8. In light of the above submissions, the points that arise now for consideration in this appeal are:
(a)Whether the plaintiff is always ready and willing to perform his part of the contract?
(b)Whether the parties to the sale agreement (Ex.A1) were made ‘time’ as the essence of the contract?
(c) To what other reliefs the parties are entitled to?
Point Nos.1 & 2:
9. It is not in dispute that the parties had entered into the sale agreement (Ex.A1) dated 07.06.2012. On a careful perusal of the agreement (Ex.A1) entered into between the parties, it is seen that the sale consideration agreed to between the parties is Rs.43,74,000/-. It is also not in dispute that on the date of agreement (Ex.A1) Rs.15,00,000/- was paid towards advance. Further, the recital of the agreement (Ex.A1) shows that the parties had agreed to complete the sale within a period of four months. It is relevant to note that though time is not the essence of the contract as far as immovable property is concerned, however, the fact remains that once the parties agreed to the specific time in the agreement (Ex.A1), the same cannot be ignored all together.
10. Upon careful scrutiny of the further recital of the sale agreement (Ex.A1) makes it clear that, it is specifically agreed that if the remaining sale consideration of Rs.28,74,000/- is not paid within the agreed period, the advance amount would be forfeited. The forfeiture clause agreed upon between the parties makes it clear that, in fact, the parties are intended to make ‘time’ as the essence of the contract. Therefore, when the parties are intended ‘time’ as the essence of the contract, such time agreed between the parties has to be taken into consideration.
Deciding the conduct of the plaintiff to assess the readiness and willingness:
11. The plaintiff (PW1) has given evidence to the effect that he was always ready and willing to purchase the property and he was also an income tax assessee and to prove the same, he also filed income tax returns (Exs.A6 to A9).

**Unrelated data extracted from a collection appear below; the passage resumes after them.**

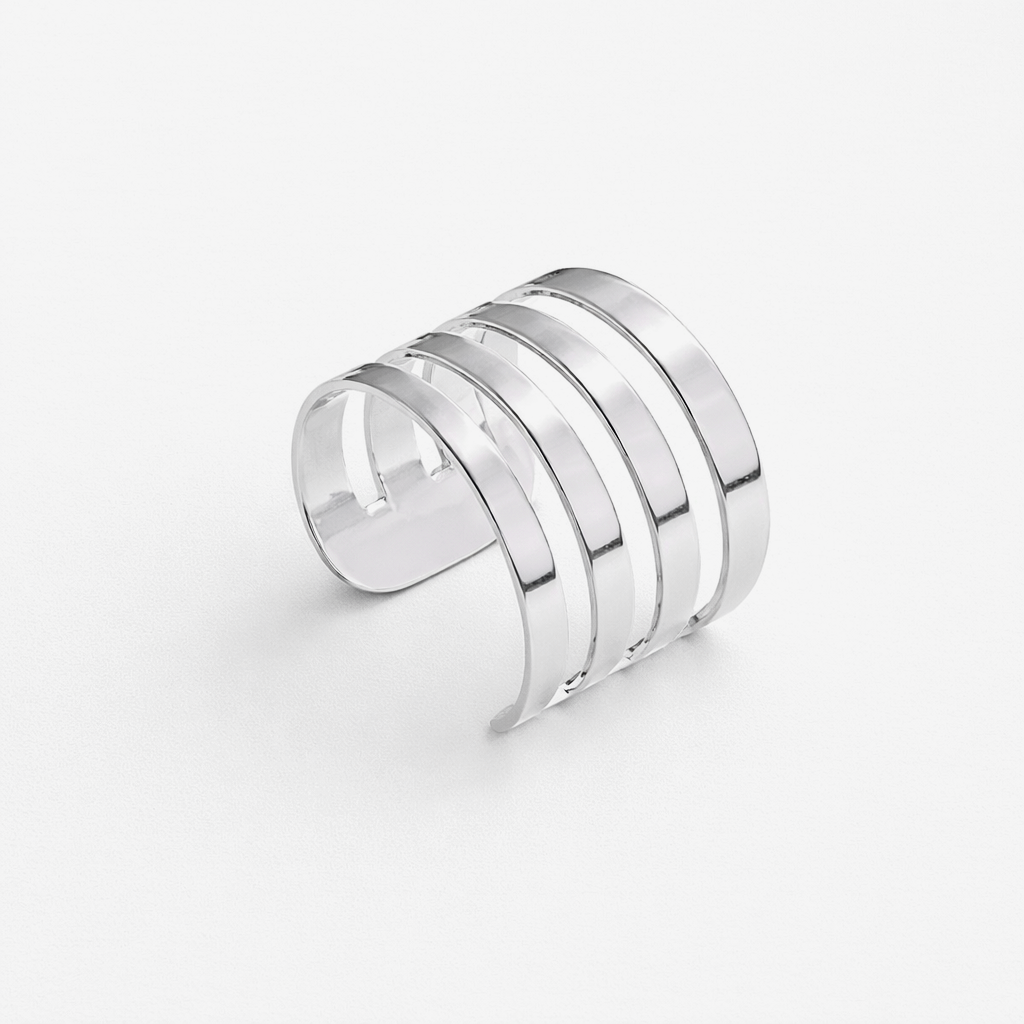 Anel com banho de prata com camada de 30 milésimos, mais camada de verniz.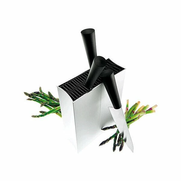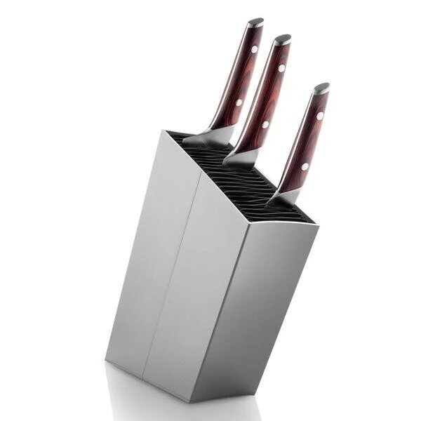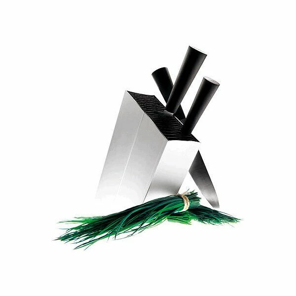 Der Mehrzweck-Messerblock mit Aluminium-Gehäuse hält Messer und andere Küchenhelfer in praktischer Griffnähe. Der Kunststoff-Einsatz kann zur Reinigung entnommen werden.
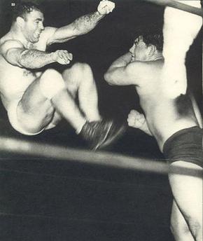 Joe Savoldi demonstrates his flying dropkick in the 1930s.
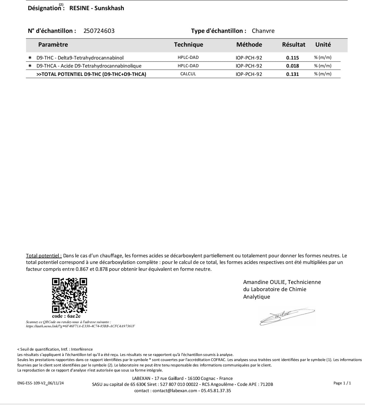 Chaque lot est testé en labo indépendant.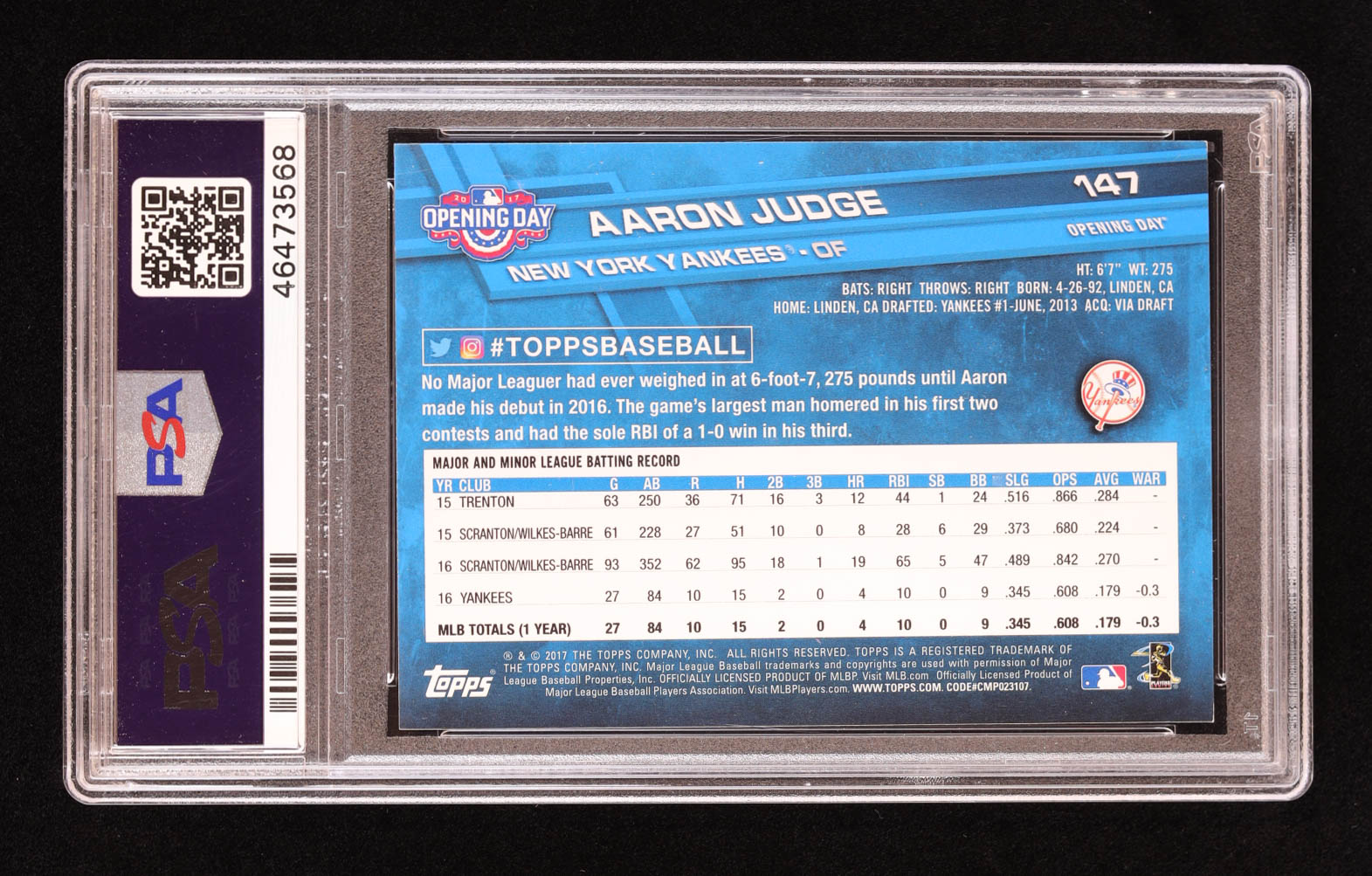 Aaron Judge 2017 Topps Opening Day #147 RC (PSA 9)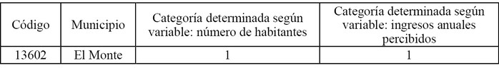 12. La resolución exenta Nº 1.049 de fecha 28 de mayo de 2019, de la Subsecretaría de Desarrollo Regional y Administrativo, que deja constancia de las categorías en que se ubican las municipalidades del país y del rango de grados de remuneraciones que corresponde asignar a los respectivos alcaldes en la correspondiente planta de personal, en cumplimiento de lo dispuesto en el artículo 5° del decreto Nº 1.675, de 2016, del Ministerio del Interior y Seguridad Pública, que incluye al Municipio de El Monte según lo siguiente: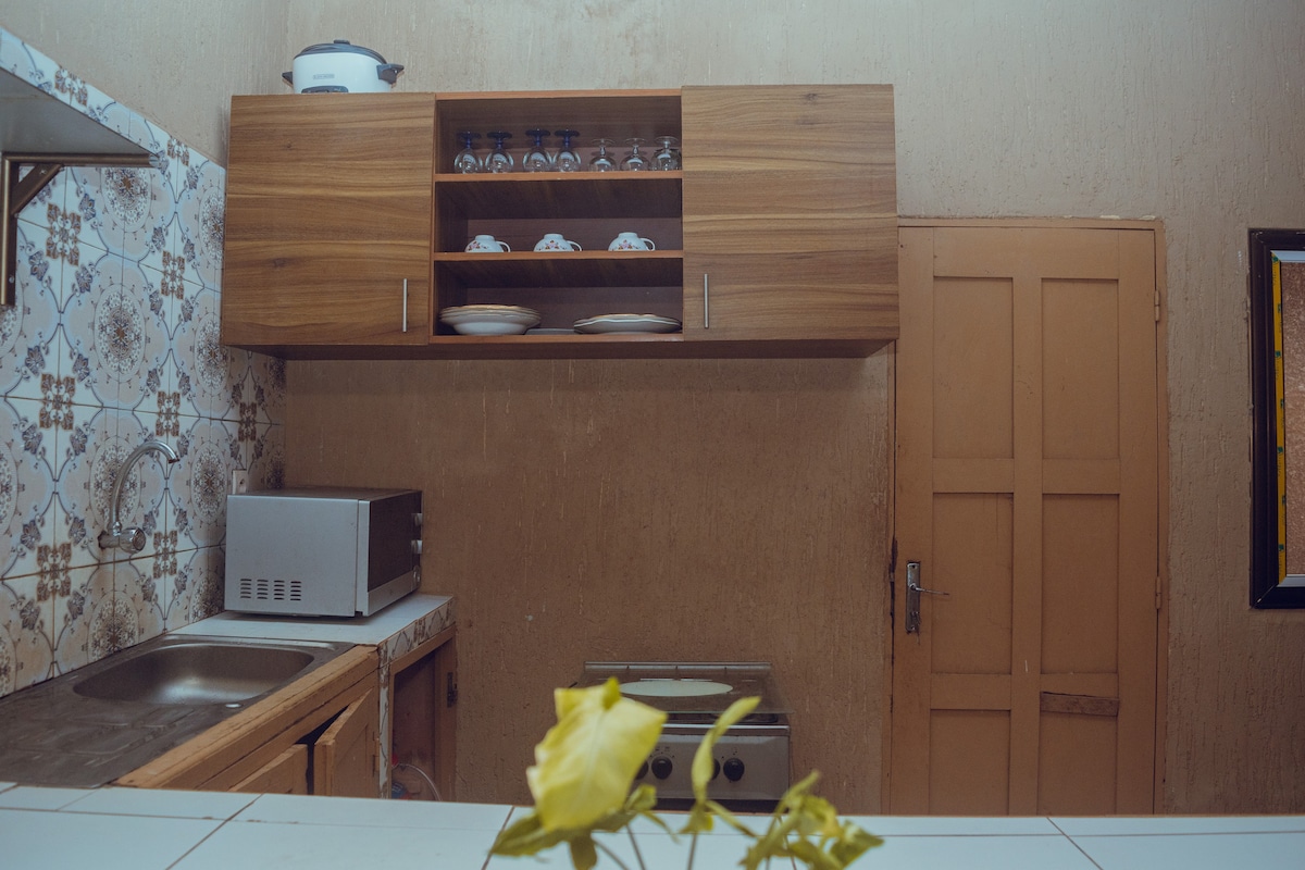 Yksi pala resursseja! Tule tutustumaan afrikkalaiseen kulttuuriin. Majoitamme sinut mielellämme kodeissamme. Käytössäsi on tyypillinen suihku. Ja tyypillinen keittiö myös. Kuiva wc. Puiden ympäröimä talo älä epäröi ottaa kiikareita katsomaan lintuja...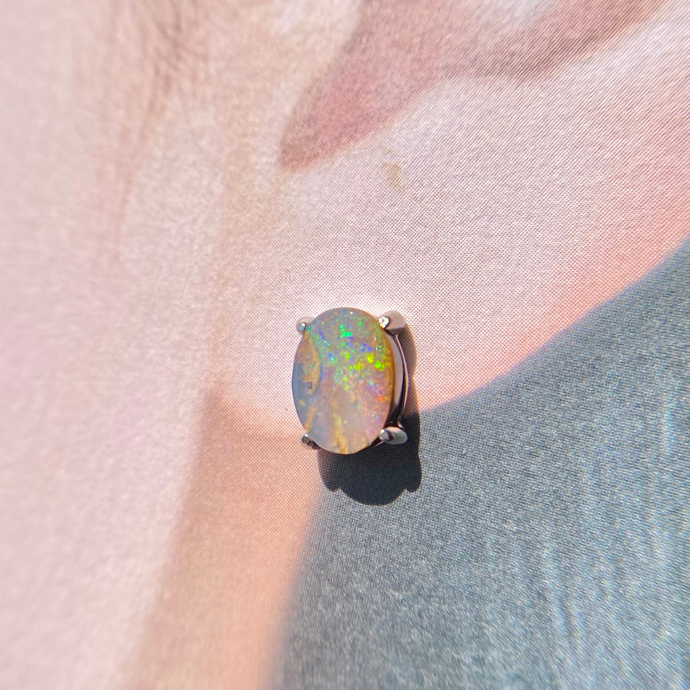 オパールは太陽光で遊色がとても綺麗に見えます。天然オパールの遊色の変化をお楽しみ下さい。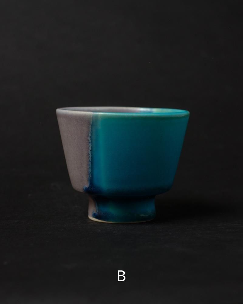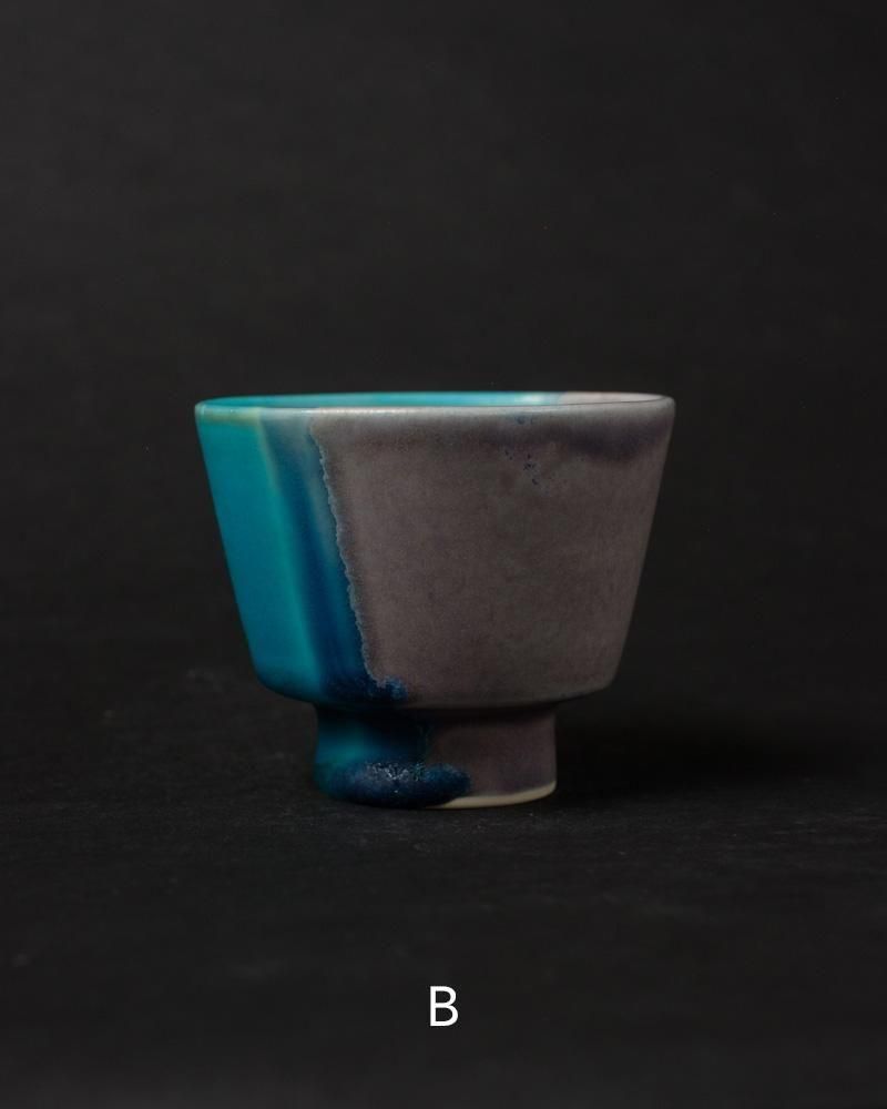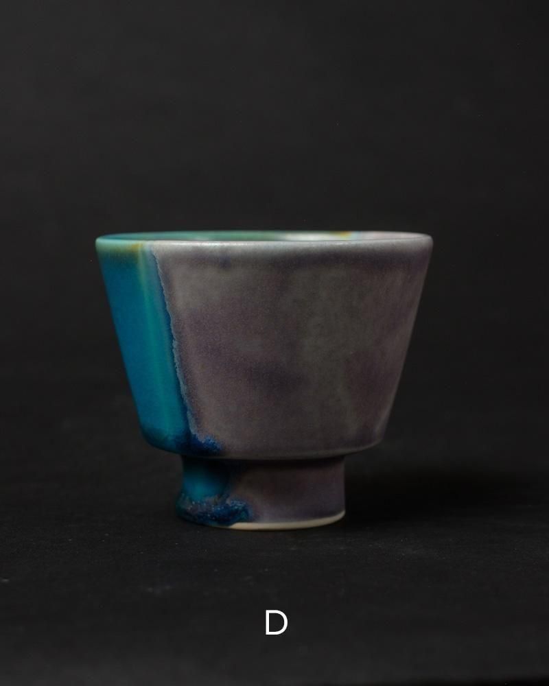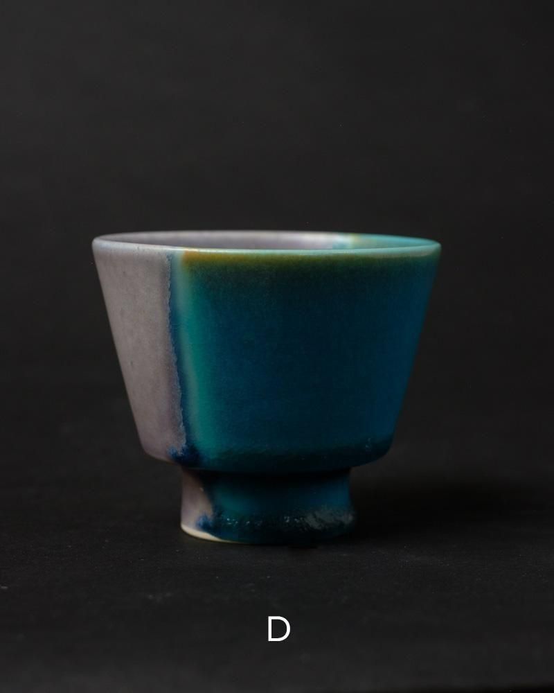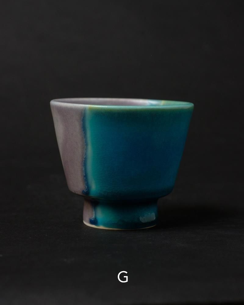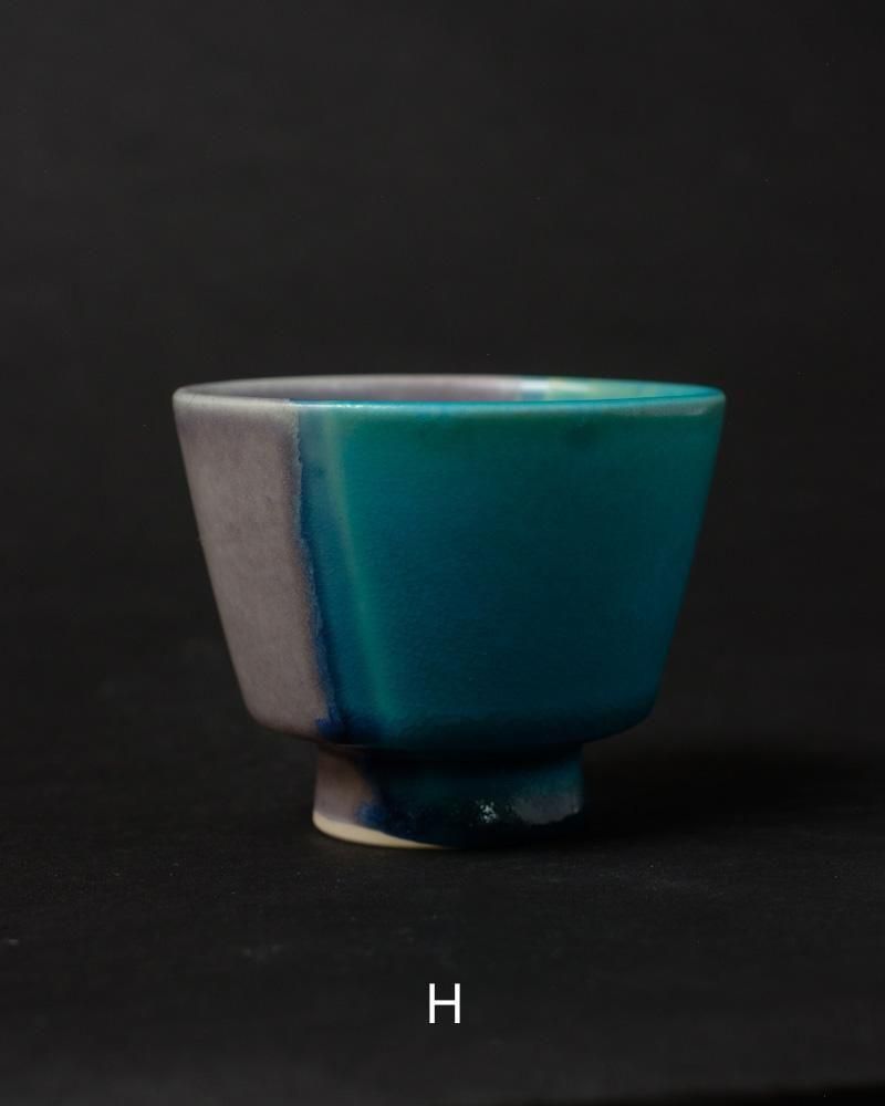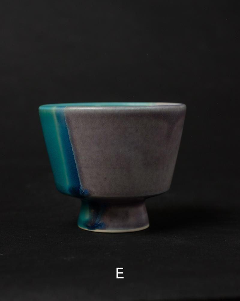 蒼滴釉とウィステリア釉を掛け分けた器。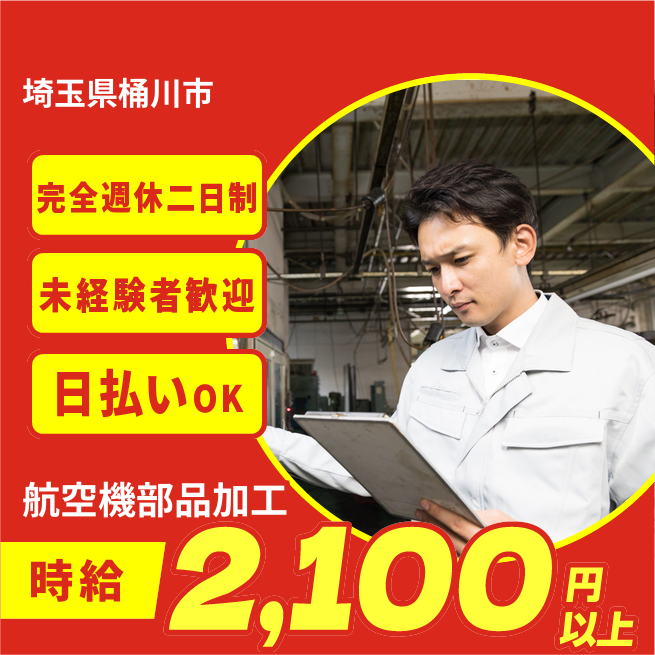 給与詳細 月収例 289,000円 日給例 12,750円 勤務地 埼玉県桶川市 仕事内容 【航空機部品の加工、補助業務】

12. We have also perused the income tax returns of the plaintiff. Though the plaintiff has filed income tax returns indicating that he has income more than Rs.7,00,000/- prior to the sale agreement (Ex.A1). It is relevant to note that filing of the income tax returns is a self declaration and mere filing of the income tax returns does not mean that the plaintiff had ready cash of Rs.28,74,000/- at the relevant point of time. Absolutely, there is no evidence at all to show that the plaintiff has any ready cash or amount in the bank to show that he has always had the capacity to mobilise the funds.
13. It is further to be noted that, admittedly, the legal notice (Ex.B3) was issued by the defendant calling upon the plaintiff to pay the remaining sale consideration of Rs.28,74,000/-. Having received the same, the plaintiff sent the reply notice (Ex.A12) on 08.12.2012. Only for the first time in the reply notice (Ex.A12), it was stated that the plaintiff made developments in the land and the defendant did not cooperate for removing the high tension overhead electric lines. Immediately after the legal notice (Ex.B3) sent by the defendant, the plaintiff sent the reply notice (Ex.A12) with new other grounds to show as if the time is never intended, immediately lodged caveats under Exs.B1 and B2, whereas, the suit has been filed after two years i.e. on 14.08.2014. From the date of the legal notice (Ex.B3) issued by the defendant till the filing of the suit almost two years, there is absolutely no document whatsoever to show that the plaintiff was continuously requesting the defendant to remove the so-called high tension overhead electric lines.
14. It is the stand of the plaintiff that on the date of sale agreement (Ex.A1) itself, possession was handed over to him and later, he has also developed the land by spending about Rs.10,00,000/-. In order to substantiate his stand, the plaintiff examined PW2 and also filed an agreement (Ex.A2) said to have been entered between the plaintiff and PW2 for some development work. It is relevant to note that though PW2 supported the version as if the plaintiff has made some development in the subject land, we are of the view that in the reply notice (Ex.A12) sent by the plaintiff, there is no reference whatsoever with regard to the so-called agreement (Ex.A2) between the plaintiff and PW2. If really there was a genuine agreement (Ex.A2) between the plaintiff and PW2 on 09.11.2012, prudence of the man demands the same to be disclosed at an early point of time. According to the plaintiff the agreement (Ex.A2) came into existence as early as on 09.11.2012. In that case, the existence of the agreement (Ex.A2) between somebody viz. PW2 and the plaintiff should have been reflected in the reply notice (Ex.A12) dated 08.12.2012, whereas, there is no reference whatsoever with regard to the agreement (Ex.A2) dated 09.11.2012 in the reply notice (Ex.A12) dated 08.12.2012. This fact clearly gives an inference that the agreement (Ex.A2) is an afterthought that came into existence at a later point of time only for the purpose of strengthening the case of the plaintiff.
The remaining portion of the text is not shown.